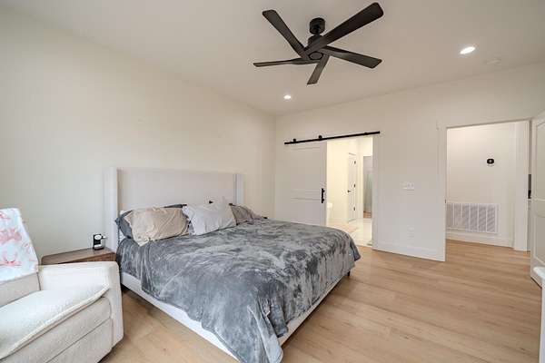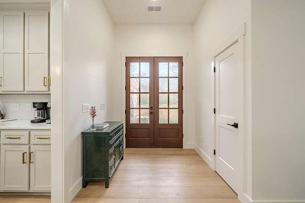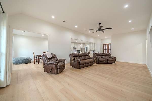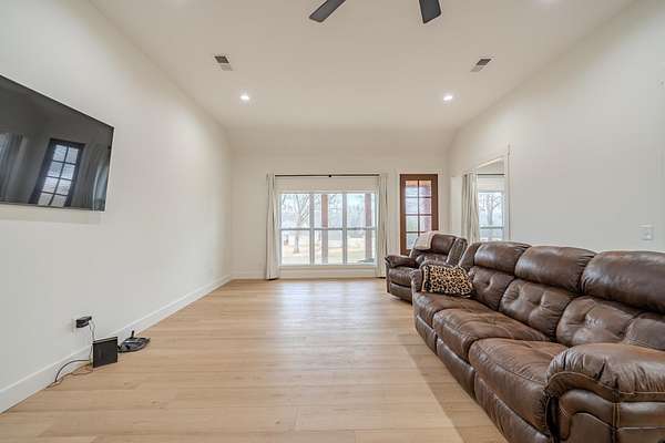 Like new construction in the highly sought-after Grand Oaks Subdivision in the Cravens Area. Completed in 2024, this beautifully crafted home offers modern design & quality finishes! Step inside to discover soaring ceilings, LVP & tile floors, custom cabinetry that adds both style & durability, large island, farmhouse sink, butler's pantry, & tankless water heater! The oversized living room is truly a standout feature, providing an incredible space for entertaining or everyday living. The split floor plan offers privacy & flexibility. The spacious primary suite features a luxurious BA, incredible walk-in closet, & direct access to the laundry room. The 2 guest BR provide comfortable accommodations, one w/its own private full BA, ideal for guests or a secondary primary suite. Additional highlights include a 2-car garage w/built-in safe room, & gorgeous covered back porch w/a stunning wood ceiling! This nearly new home combines elegance, space, & convenience in one exceptional package.
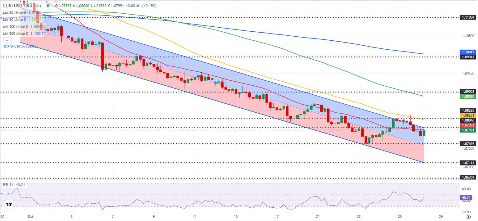 EUR/USD was last seen trading near the upper limit of the descending regression channel coming from late September, currently located at 1.0800. Once the pair rises above this level and confirms it as support, technical buyers could show interest. In this scenario, the 50-period Simple Moving Average (SMA) on the 4-hour chart could act as interim resistance at 1.0830 before 1.0870 (200-day SMA).
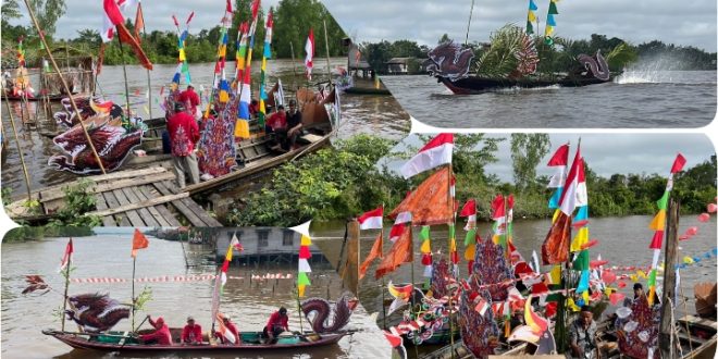 NUSAKALIMANTAN.COM, Kuala Kapuas – Rangkaian Hari Ulang Tahun Kota Kuala Kapuas ke 220 dan Ulang Tahun Pemerintah Kabupaten Kapuas ke 75 menampilkan rangkaian adat, di antaranya Banama Hai, Nambang Tamuei Mantir Hai, serta Nakep Pangaja Salutuan Raja Kapuas 2026. Acara dilaksanakan pada Senin (6/4) pagi. Kelurahan Pulau Kupang menurunkan armada 30 Klotok (perahu mesin kecil) berhias naga.
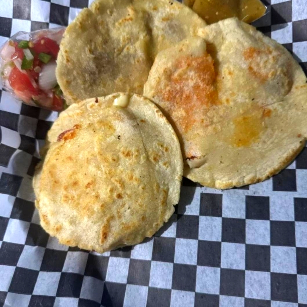 Relleno a elegir (jamón, chorizo casero,rajas,a la mexicana), acompañado de ensalada frijoles e incluye tortillas
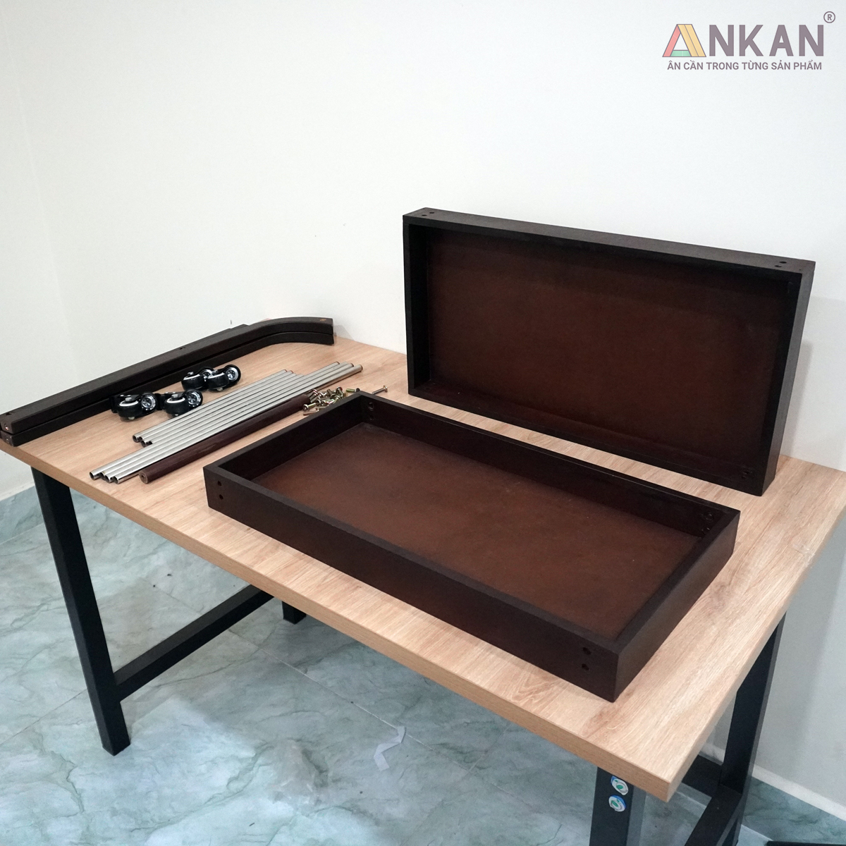 Xe đẩy rượu, nước uống, phục vụ tráng miệng, thức ăn, nước uống nhà hàng sang trọng Thương hiệu ANKAN đã bắt đầu mở bán từ hôm nay. Sản phẩm được sản xuất theo tiêu chuẩn và đơn đặt hàng của khách hàng quốc tế.      Xe đẩy rượu được sản xuất bằng gỗ tràm bông vàng loại tốt hơn 10 năm tuổi và Inox không gỉ cho sản phẩm hoàn toàn bền đẹp theo thời gian.  Xe đẩy rượu sử dụng bánh xe PVC loại cao cấp nhất cho phép xe đẩy nhẹ nhàng, không gây tiếng ồn. Hơn thế nữa bánh xe còn được trang bị khóa để giúp xe cố định 1 chỗ. Thông Tin Chi Tiết Xe Đẩy Rượu  Chất liệu: Inox, gỗ tràm bông vàng.  Màu sắc: Vàng Walnut.  Kích trước: Dài 60 x Rộng 35 x Cao 70cm Trọng lượng: 7kg    Đặc Điểm Sản Phẩm  Xe đẩy được thiết kế 2 ngăn   Có tay cầm thuận lợi cho người sử dụng dễ dàng di chuyển.  Bánh xe bọc cao su, giảm tiếng ồn tối đa   Thường dùng trong nhà hàng, khách sạn khu du lịch resort,
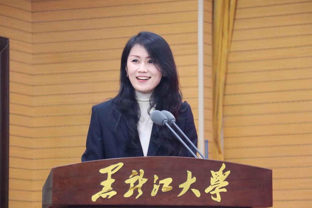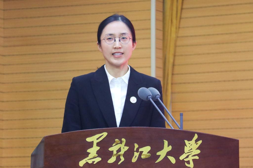 電子工程學院博士生導師秦丹陽作為教職工代表發言。她結合自身教學經歷向新教職工分享了熱愛與奉獻、師德與責任、創新與進取、合作與共贏四組詞語的含義和踐行要求。她表示,這些詞語不僅是個人教學的感悟,更是教師應當共同踐行的教育精神和信念指引。她號召全體教師懷揣熱愛,勇于擔當,不斷創新,緊密合作,共同書寫黑龍江大學更加輝煌燦爛的篇章!
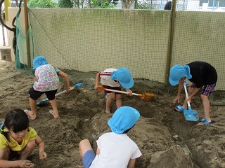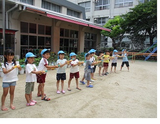 水鉄砲を使いこなす術、泥んこを楽しむ術などに挑戦し、みんなでクリアをしました。
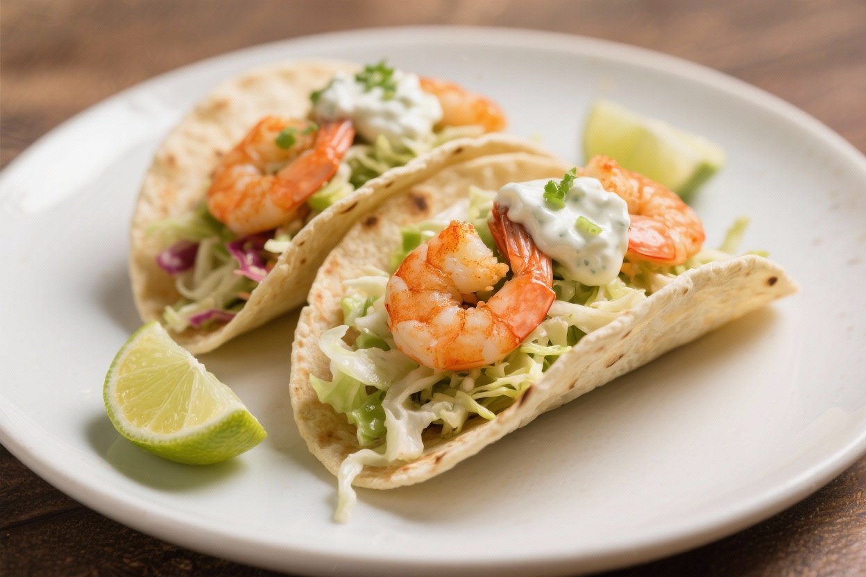 Store shrimp, slaw, crema, and tortillas separately. Shrimp keep 2 days in the fridge; reheat gently. The slaw stays crisp for about a day, and the crema lasts up to 3 days.
::::::::
Only the text of the listing above should be copied, exactly and with pictures left out.

 Like new construction in the highly sought-after Grand Oaks Subdivision in the Cravens Area. Completed in 2024, this beautifully crafted home offers modern design & quality finishes! Step inside to discover soaring ceilings, LVP & tile floors, custom cabinetry that adds both style & durability, large island, farmhouse sink, butler's pantry, & tankless water heater! The oversized living room is truly a standout feature, providing an incredible space for entertaining or everyday living. The split floor plan offers privacy & flexibility. The spacious primary suite features a luxurious BA, incredible walk-in closet, & direct access to the laundry room. The 2 guest BR provide comfortable accommodations, one w/its own private full BA, ideal for guests or a secondary primary suite. Additional highlights include a 2-car garage w/built-in safe room, & gorgeous covered back porch w/a stunning wood ceiling! This nearly new home combines elegance, space, & convenience in one exceptional package.
 EUR/USD was last seen trading near the upper limit of the descending regression channel coming from late September, currently located at 1.0800. Once the pair rises above this level and confirms it as support, technical buyers could show interest. In this scenario, the 50-period Simple Moving Average (SMA) on the 4-hour chart could act as interim resistance at 1.0830 before 1.0870 (200-day SMA).
 NUSAKALIMANTAN.COM, Kuala Kapuas – Rangkaian Hari Ulang Tahun Kota Kuala Kapuas ke 220 dan Ulang Tahun Pemerintah Kabupaten Kapuas ke 75 menampilkan rangkaian adat, di antaranya Banama Hai, Nambang Tamuei Mantir Hai, serta Nakep Pangaja Salutuan Raja Kapuas 2026. Acara dilaksanakan pada Senin (6/4) pagi. Kelurahan Pulau Kupang menurunkan armada 30 Klotok (perahu mesin kecil) berhias naga.
 Relleno a elegir (jamón, chorizo casero,rajas,a la mexicana), acompañado de ensalada frijoles e incluye tortillas
 Xe đẩy rượu, nước uống, phục vụ tráng miệng, thức ăn, nước uống nhà hàng sang trọng Thương hiệu ANKAN đã bắt đầu mở bán từ hôm nay. Sản phẩm được sản xuất theo tiêu chuẩn và đơn đặt hàng của khách hàng quốc tế.      Xe đẩy rượu được sản xuất bằng gỗ tràm bông vàng loại tốt hơn 10 năm tuổi và Inox không gỉ cho sản phẩm hoàn toàn bền đẹp theo thời gian.  Xe đẩy rượu sử dụng bánh xe PVC loại cao cấp nhất cho phép xe đẩy nhẹ nhàng, không gây tiếng ồn. Hơn thế nữa bánh xe còn được trang bị khóa để giúp xe cố định 1 chỗ. Thông Tin Chi Tiết Xe Đẩy Rượu  Chất liệu: Inox, gỗ tràm bông vàng.  Màu sắc: Vàng Walnut.  Kích trước: Dài 60 x Rộng 35 x Cao 70cm Trọng lượng: 7kg    Đặc Điểm Sản Phẩm  Xe đẩy được thiết kế 2 ngăn   Có tay cầm thuận lợi cho người sử dụng dễ dàng di chuyển.  Bánh xe bọc cao su, giảm tiếng ồn tối đa   Thường dùng trong nhà hàng, khách sạn khu du lịch resort,
 電子工程學院博士生導師秦丹陽作為教職工代表發言。她結合自身教學經歷向新教職工分享了熱愛與奉獻、師德與責任、創新與進取、合作與共贏四組詞語的含義和踐行要求。她表示,這些詞語不僅是個人教學的感悟,更是教師應當共同踐行的教育精神和信念指引。她號召全體教師懷揣熱愛,勇于擔當,不斷創新,緊密合作,共同書寫黑龍江大學更加輝煌燦爛的篇章!
 水鉄砲を使いこなす術、泥んこを楽しむ術などに挑戦し、みんなでクリアをしました。
 Store shrimp, slaw, crema, and tortillas separately. Shrimp keep 2 days in the fridge; reheat gently. The slaw stays crisp for about a day, and the crema lasts up to 3 days.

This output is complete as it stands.